11/21/2024 | Press release | Distributed by Public on 11/21/2024 07:31
A programme that supports people in Oxfordshire to leave hospital more quickly to continue their recovery at home, has shown significant benefits for residents since its roll out last year.
Discharge to Assess is a system partnership programme, involving staff from Oxfordshire County Council, Oxford University Hospitals NHS Foundation Trust, Oxford Health NHS Foundation Trust and Age UK Oxfordshire, working together to identify the best way of supporting a patient to leave hospital safely and quickly.
The latest figures demonstrate it has enabled 23 per cent more people to leave hospital compared to last year. In October, this amounted to 657 people going home from hospital through Discharge to Assess.
Councillor Tim Bearder, Oxfordshire County Council's Cabinet Member for Adult Social Care, said: "Nobody wants to stay in hospital for longer than necessary. Indeed, for some of our older residents, remaining in hospital for longer than necessary can have a huge negative impact on their ability to regain their independence.
"By working closely with health partners and organisations such as Age UK Oxfordshire, we've developed a service that supports people to leave hospital more quickly, enabling them to continue their recovery in familiar surroundings.
"It's an important part of our Oxfordshire Way vision, to support people to live well and independently within their own communities.
"In the first year, statistics show Discharge to Assess is having a positive effect for our residents while freeing up hospital beds for those who need them most."
The programme is based on national guidance and came into effect in November last year. It brings together experts in health and social care in Transfer of Care Hub meetings, which take place three times a day.
The team considers a plan for a patient to leave hospital, as well as any homecare support they might require, before they are well enough to go home, speeding up the discharge process.
By working with the person and their family, plans are then put in place to support them to leave hospital and return home as quickly as possible.

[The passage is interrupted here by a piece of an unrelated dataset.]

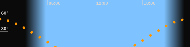 | Untergang | 07:05 Uhr im Nordwesten (αAz = 293,5°) |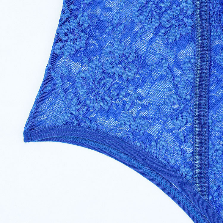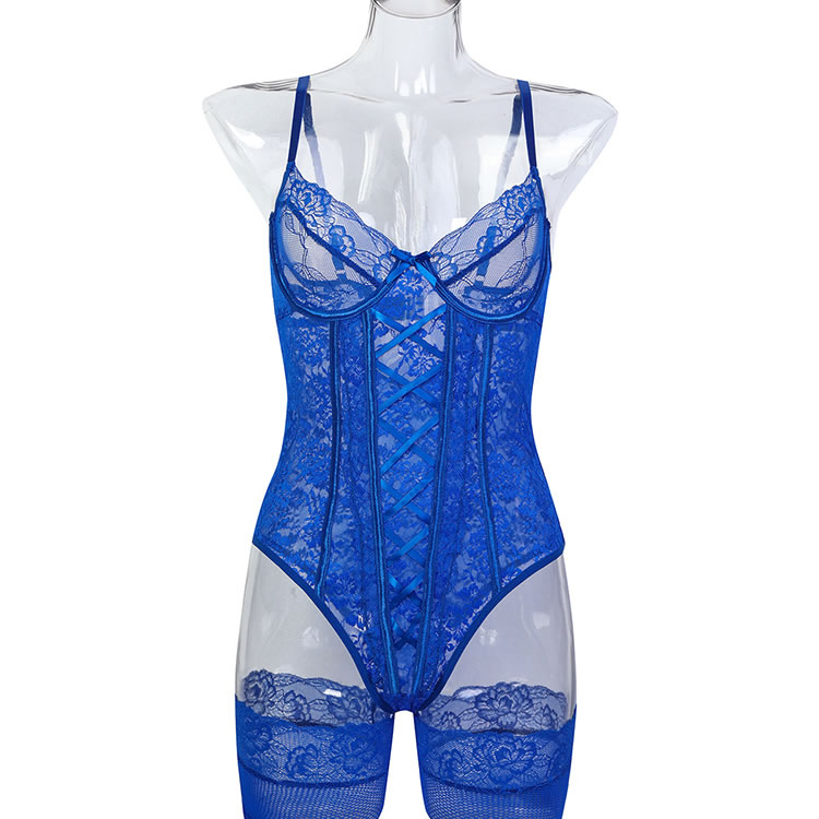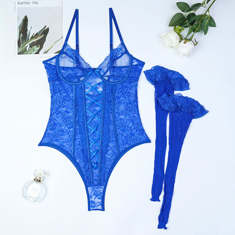 Surrender to seduction in this stunning teddy, featuring sheer lace underwire cups with strappy bust accents, adjustable spaghetti straps, and a sheer lace bodice. The look is completed with adjustable garter straps, a thong cut back, and matching thigh-high stockings, making it perfect for a night of romance.

Tamsin Cater, Head of the Transfer of Care Hub at Oxford University Hospitals NHS Foundation Trust, said: "This system is good news for all patients being admitted into hospital, and we're really pleased with its progress.
"The outcomes for people recovering in their own home are far better than staying in hospital unnecessarily, and we've been working hard with our health and social care partners to make this happen wherever it is safe and appropriate to do so."
Under the Discharge to Assess programme, people are offered short-term, immediate care on the day they get home through a council arranged care provider. This can range from a short care visit to short term overnight (live in) support.
This has significantly improved hospital flow, shortening the average length of stay in an acute hospital setting from eight days to five days. It has also reduced the need for as many short stay hub beds used by the system, as personalised support is now being arranged for people within their own homes.
For people returning home through Discharge to Assess, 73 per cent of people have gone on to reach full independence following a period of reablement.
Karen Fuller, Oxfordshire County Council's Director of Adult Social Care, said: "While it's great to see the impact of Discharge to Assess on hospital flow, the real success is being seen in people's homes.
"By supporting people back into a familiar environment, with all their home comforts, we can take a far more informed approach to the goals that someone wants to achieve. This enables more people than ever before to regain the levels of independence they had before going into hospital.
"It's incredibly rewarding to see the difference the programme is making to people's lives."
Discharge to Assess forms part of the recently published Healthwatch Oxfordshire report, 'People's experiences of leaving hospital in Oxfordshire', which praises the effective way that health and care professionals are working together to help more people to return home with the support they need.
The report identifies that many people had a positive experience of leaving hospital, and that the majority of people felt safe and happy to be home.
The document also includes some recommendations, including improvements around the continuity and quality of care experienced by patients, clearer communications for patients and carers, and better support and identification of unpaid carers.
The report goes on to recommend the continued close working relationship between health and social care partners to further improve the hospital discharge process.
Dan Leveson, Oxfordshire Place Director at Buckinghamshire, Oxfordshire and Berkshire West Integrated Care Board, said: "It's relatively early days for Discharge to Assess but we're already seeing its benefits, helping people leave hospital more quickly, offering them an even better chance to regain their independence
"We recognise that improvements still need to be made to ensure everyone has a positive experience of being discharged from hospital.
"We thank Healthwatch Oxfordshire for the valuable insights we have gained from their report and look forward to continuing to work with health and social care partners to build on our early success."
An executive summary of the Healthwatch Oxfordshire report, including responses from health and social care partners, can be found on the Healthwatch Oxfordshire website.